(Data entries)
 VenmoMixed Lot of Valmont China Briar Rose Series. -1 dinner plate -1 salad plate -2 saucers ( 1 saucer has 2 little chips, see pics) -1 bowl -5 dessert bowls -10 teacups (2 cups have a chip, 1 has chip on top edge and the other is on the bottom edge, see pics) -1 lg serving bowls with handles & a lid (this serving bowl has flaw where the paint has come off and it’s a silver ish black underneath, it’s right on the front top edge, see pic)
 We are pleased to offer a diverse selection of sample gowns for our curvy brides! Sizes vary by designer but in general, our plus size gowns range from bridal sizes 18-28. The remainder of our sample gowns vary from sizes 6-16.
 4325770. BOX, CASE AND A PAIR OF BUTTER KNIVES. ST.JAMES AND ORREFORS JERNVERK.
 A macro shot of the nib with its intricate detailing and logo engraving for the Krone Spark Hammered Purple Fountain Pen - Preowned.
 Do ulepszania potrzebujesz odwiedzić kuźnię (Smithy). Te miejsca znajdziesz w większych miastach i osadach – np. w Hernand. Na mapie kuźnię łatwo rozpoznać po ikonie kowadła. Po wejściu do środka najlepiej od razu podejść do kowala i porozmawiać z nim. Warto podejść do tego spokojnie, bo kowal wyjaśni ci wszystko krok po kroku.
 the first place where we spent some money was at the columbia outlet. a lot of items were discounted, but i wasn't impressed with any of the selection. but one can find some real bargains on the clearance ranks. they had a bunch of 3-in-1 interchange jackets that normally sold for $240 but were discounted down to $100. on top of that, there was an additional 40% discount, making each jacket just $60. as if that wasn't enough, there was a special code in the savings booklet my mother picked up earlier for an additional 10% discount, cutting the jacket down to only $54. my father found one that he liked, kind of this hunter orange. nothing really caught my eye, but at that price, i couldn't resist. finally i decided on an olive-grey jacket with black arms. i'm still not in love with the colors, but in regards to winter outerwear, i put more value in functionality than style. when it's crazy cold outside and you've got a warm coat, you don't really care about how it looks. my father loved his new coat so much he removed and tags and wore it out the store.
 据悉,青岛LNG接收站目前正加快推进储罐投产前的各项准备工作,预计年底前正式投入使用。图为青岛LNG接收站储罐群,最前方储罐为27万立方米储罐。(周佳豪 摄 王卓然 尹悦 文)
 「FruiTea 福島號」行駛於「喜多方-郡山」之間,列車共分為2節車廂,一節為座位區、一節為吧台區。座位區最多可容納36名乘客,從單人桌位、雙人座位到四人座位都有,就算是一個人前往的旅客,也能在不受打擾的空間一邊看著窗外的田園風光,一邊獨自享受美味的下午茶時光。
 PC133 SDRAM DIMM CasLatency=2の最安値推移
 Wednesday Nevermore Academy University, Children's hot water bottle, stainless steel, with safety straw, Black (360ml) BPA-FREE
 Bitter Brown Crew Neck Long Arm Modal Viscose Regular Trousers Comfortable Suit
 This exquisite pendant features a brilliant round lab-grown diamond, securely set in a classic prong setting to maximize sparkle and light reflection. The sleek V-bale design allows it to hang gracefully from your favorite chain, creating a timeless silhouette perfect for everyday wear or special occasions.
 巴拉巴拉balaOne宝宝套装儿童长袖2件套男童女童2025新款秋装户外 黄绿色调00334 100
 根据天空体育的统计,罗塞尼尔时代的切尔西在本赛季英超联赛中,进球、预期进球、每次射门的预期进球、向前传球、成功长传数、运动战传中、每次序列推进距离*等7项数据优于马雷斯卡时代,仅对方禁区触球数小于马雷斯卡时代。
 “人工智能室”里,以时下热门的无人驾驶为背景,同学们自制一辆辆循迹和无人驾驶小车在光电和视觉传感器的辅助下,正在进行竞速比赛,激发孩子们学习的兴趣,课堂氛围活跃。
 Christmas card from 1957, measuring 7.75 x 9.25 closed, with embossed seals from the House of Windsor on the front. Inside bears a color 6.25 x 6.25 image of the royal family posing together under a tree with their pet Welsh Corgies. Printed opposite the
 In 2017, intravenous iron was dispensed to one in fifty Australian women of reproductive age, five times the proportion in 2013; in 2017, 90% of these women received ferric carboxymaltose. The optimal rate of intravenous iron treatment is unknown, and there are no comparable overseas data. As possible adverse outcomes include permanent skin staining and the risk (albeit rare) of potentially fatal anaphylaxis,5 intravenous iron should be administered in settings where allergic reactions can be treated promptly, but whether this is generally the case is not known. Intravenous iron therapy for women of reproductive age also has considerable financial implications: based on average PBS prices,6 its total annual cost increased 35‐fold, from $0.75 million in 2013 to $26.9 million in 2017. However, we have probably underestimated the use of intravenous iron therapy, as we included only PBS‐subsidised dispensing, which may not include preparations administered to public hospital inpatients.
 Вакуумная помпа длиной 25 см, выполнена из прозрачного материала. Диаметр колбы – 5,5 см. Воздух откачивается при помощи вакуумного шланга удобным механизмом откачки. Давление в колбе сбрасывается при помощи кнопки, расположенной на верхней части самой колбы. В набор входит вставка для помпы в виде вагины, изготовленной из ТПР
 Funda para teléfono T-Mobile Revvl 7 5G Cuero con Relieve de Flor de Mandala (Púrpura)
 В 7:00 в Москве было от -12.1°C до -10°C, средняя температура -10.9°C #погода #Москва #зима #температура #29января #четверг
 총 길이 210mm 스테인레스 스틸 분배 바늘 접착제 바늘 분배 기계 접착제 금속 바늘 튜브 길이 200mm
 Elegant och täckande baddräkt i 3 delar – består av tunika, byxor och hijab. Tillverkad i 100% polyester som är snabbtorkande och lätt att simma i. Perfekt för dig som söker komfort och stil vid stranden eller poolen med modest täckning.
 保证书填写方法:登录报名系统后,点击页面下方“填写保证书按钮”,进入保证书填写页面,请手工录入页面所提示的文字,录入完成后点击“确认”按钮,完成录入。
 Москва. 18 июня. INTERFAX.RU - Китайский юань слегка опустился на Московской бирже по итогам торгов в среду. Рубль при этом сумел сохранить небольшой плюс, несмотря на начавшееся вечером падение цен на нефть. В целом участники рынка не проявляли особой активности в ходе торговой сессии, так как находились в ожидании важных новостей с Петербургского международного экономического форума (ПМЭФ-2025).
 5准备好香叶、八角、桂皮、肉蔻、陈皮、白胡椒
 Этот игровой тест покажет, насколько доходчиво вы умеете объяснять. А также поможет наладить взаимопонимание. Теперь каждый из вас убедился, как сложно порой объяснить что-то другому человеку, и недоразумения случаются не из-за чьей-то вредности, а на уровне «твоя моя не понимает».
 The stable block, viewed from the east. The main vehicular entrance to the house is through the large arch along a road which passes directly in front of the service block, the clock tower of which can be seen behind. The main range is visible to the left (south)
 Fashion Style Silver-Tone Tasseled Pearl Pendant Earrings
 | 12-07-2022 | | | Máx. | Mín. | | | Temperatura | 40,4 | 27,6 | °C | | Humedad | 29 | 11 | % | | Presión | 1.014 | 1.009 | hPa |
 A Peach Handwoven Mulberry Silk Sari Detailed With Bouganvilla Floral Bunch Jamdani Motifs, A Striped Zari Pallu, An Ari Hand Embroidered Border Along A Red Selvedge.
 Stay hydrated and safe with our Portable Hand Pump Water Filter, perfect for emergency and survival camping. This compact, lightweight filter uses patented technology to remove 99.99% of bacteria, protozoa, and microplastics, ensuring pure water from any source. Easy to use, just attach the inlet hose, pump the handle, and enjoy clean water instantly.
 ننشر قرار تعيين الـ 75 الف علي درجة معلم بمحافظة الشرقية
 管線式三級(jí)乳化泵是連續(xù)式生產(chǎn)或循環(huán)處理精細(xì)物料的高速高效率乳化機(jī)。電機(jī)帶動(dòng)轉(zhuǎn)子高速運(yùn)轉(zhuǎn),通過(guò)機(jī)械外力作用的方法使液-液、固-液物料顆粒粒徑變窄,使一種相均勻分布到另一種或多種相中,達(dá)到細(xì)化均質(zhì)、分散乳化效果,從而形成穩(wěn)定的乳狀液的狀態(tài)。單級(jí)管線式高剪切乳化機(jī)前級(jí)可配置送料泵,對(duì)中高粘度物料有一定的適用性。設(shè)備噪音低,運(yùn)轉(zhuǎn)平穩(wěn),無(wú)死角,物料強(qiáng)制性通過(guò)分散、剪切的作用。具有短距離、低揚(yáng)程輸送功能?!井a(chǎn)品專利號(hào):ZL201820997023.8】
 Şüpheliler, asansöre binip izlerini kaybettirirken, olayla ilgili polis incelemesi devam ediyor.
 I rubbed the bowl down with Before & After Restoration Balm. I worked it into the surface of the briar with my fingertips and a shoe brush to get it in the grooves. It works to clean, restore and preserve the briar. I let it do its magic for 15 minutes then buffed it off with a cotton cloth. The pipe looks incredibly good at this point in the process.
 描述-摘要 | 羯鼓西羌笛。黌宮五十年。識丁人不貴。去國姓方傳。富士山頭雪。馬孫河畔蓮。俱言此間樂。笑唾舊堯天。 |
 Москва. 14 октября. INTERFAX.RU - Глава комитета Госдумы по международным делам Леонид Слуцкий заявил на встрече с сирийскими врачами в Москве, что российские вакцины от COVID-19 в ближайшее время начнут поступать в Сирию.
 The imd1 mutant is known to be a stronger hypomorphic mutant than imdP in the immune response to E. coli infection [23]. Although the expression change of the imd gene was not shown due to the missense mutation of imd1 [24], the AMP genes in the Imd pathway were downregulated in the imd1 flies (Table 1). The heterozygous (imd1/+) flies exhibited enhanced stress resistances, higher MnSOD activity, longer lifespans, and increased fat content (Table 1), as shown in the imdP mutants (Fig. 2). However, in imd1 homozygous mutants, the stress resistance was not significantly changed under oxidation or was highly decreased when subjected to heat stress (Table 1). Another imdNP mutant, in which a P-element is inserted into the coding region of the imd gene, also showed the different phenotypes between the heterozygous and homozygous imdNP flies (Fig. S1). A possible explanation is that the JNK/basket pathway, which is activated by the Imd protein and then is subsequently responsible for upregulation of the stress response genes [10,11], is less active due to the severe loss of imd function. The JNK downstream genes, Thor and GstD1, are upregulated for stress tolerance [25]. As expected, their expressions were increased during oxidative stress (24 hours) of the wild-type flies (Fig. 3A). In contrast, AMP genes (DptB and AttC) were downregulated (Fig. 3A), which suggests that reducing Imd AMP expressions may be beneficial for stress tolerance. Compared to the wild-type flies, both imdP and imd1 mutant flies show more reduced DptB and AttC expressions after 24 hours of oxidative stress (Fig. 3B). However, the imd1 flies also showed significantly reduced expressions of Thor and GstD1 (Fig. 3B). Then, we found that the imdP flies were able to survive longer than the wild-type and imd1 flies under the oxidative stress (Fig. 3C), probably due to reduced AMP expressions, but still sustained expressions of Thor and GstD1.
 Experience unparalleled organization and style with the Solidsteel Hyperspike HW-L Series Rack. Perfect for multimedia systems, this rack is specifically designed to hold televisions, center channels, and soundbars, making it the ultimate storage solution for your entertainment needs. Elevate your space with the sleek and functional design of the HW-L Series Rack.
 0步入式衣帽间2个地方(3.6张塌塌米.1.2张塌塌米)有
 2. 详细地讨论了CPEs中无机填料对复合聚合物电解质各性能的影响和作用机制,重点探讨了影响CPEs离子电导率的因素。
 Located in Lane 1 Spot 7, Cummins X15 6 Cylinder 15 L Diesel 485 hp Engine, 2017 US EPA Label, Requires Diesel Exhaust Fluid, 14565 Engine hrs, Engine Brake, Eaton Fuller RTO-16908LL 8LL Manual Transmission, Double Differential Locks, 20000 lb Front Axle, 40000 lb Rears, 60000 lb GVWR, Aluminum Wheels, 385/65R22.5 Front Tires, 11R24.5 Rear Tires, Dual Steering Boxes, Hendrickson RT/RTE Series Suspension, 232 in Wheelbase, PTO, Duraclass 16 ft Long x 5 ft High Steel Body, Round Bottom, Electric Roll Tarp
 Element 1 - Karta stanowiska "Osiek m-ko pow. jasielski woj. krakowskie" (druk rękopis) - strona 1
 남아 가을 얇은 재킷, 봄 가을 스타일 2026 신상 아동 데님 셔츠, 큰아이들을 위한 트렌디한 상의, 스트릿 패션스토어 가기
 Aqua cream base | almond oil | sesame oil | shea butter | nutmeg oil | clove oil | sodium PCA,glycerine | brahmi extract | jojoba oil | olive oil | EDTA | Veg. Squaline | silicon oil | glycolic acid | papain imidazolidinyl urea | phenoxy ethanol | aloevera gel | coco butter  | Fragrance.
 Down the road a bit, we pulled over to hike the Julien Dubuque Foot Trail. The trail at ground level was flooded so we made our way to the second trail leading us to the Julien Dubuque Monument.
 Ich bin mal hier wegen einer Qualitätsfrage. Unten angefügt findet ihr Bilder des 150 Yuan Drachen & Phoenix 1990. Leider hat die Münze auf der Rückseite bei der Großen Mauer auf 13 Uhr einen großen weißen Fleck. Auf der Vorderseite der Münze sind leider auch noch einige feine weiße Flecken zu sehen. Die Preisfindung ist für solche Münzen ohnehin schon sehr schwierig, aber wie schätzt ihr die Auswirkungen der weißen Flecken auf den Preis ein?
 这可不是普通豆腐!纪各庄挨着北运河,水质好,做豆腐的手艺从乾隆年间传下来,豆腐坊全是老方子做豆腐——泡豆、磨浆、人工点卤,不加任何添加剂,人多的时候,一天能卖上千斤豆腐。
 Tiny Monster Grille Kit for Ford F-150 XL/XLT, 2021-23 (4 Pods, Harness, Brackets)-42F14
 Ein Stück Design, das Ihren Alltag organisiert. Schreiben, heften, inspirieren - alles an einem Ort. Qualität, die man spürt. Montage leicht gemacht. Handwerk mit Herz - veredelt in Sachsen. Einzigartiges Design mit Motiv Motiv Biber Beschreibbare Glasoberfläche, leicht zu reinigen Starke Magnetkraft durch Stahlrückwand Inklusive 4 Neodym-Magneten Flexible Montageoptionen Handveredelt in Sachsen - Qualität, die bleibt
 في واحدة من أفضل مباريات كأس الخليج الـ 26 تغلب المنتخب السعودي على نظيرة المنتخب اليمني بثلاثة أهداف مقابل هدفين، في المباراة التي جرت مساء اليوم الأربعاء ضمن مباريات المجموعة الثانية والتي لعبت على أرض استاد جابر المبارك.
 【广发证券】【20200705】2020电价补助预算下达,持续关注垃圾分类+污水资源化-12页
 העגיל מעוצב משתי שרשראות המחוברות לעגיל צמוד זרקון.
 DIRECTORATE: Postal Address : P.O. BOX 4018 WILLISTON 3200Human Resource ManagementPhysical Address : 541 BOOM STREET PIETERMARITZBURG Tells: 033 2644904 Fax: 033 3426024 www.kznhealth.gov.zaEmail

→ Action item
Starting at the line above that holds "5准备好香叶、八角、桂皮、肉蔻、陈皮、白胡椒" and ending at the line that holds "1.009 | hPa |", transcribe each line exactly and include no other lines.

→ Output for this exercise
 5准备好香叶、八角、桂皮、肉蔻、陈皮、白胡椒
 Этот игровой тест покажет, насколько доходчиво вы умеете объяснять. А также поможет наладить взаимопонимание. Теперь каждый из вас убедился, как сложно порой объяснить что-то другому человеку, и недоразумения случаются не из-за чьей-то вредности, а на уровне «твоя моя не понимает».
 The stable block, viewed from the east. The main vehicular entrance to the house is through the large arch along a road which passes directly in front of the service block, the clock tower of which can be seen behind. The main range is visible to the left (south)
 Fashion Style Silver-Tone Tasseled Pearl Pendant Earrings
 | 12-07-2022 | | | Máx. | Mín. | | | Temperatura | 40,4 | 27,6 | °C | | Humedad | 29 | 11 | % | | Presión | 1.014 | 1.009 | hPa |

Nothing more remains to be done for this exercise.